题目:
In the "100 game," two players take turns adding, to a running total, any integer from 1..10. The player who first causes the running total to reach or exceed 100 wins.
What if we change the game so that players cannot re-use integers?
For example, two players might take turns drawing from a common pool of numbers of 1..15 without replacement until they reach a total >= 100.
Given an integer maxChoosableInteger
and another integer desiredTotal
, determine if the first player to move can force a win, assuming both players play optimally.
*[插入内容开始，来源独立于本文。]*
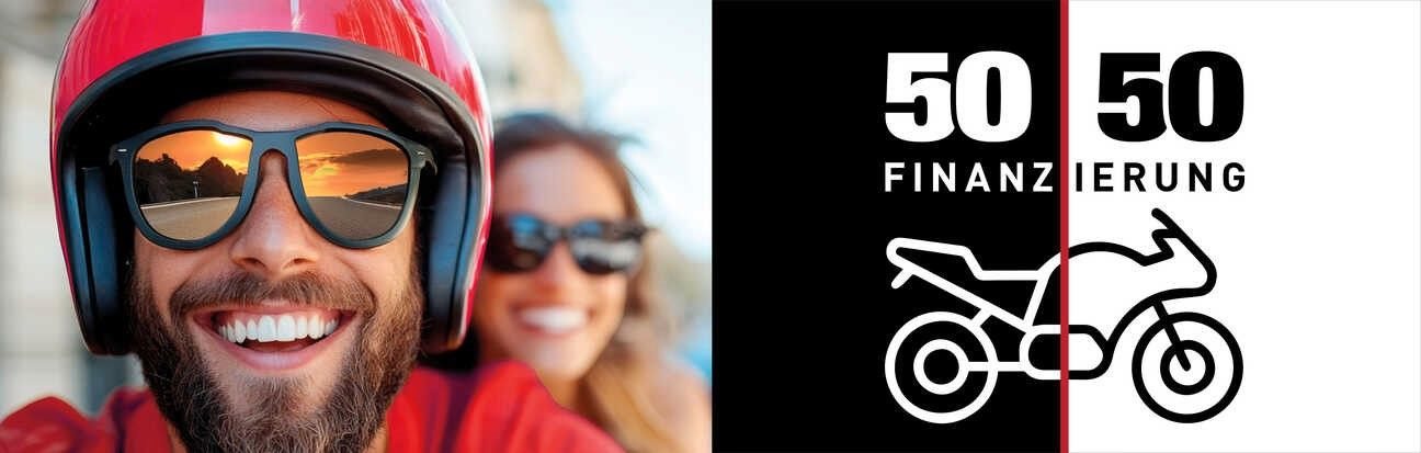 Einfach mit 50% Anzahlung starten. 23 Monate lang ohne Zinsen und Raten die große Freiheit genießen. Danach entweder Motorrad zurückgeben, Restbetrag zahlen oder anschlussfinanzieren.

You can always assume that maxChoosableInteger
will not be larger than 20 and desiredTotal
will not be larger than 300.
Example
Input: maxChoosableInteger = 10 desiredTotal = 11 Output: false Explanation: No matter which integer the first player choose, the first player will lose. The first player can choose an integer from 1 up to 10. If the first player choose 1, the second player can only choose integers from 2 up to 10. The second player will win by choosing 10 and get a total = 11, which is >= desiredTotal. Same with other integers chosen by the first player, the second player will always win.
代码:
class Solution {
public:
bool canIWin(int maxChoosableInteger, int desiredTotal) {
if (maxChoosableInteger >= desiredTotal) return true;
if (maxChoosableInteger * (maxChoosableInteger + 1) / 2 < desiredTotal) return false;
unordered_map<int, bool> m;
return canWin(maxChoosableInteger, desiredTotal, 0, m);
}
bool canWin(int length, int total, int used, unordered_map<int, bool>& m) {
if (m.count(used)) return m[used];
for (int i = 0; i < length; ++i) {
int cur = (1 << i);
if ((cur & used) == 0) {
if (total <= i + 1 || !canWin(length, total - (i + 1), cur | used, m)) {
m[used] = true;
return true;
}
}
}
m[used] = false;
return false;
}
};
思路:
如果maxchoosableInteger>=desiredInteger,那么返回true,第一个人可以赢;如果maxchoosable*(maxchoosable+1)/2<desiredInteger,那么返回false,谁也赢不了。下面调用一个递归,参数total表示desiredtotal,used记录i有没有被用过,使用位运算进行记录,维持一个字典,这个字典表示给定的used是否能用,返回记录。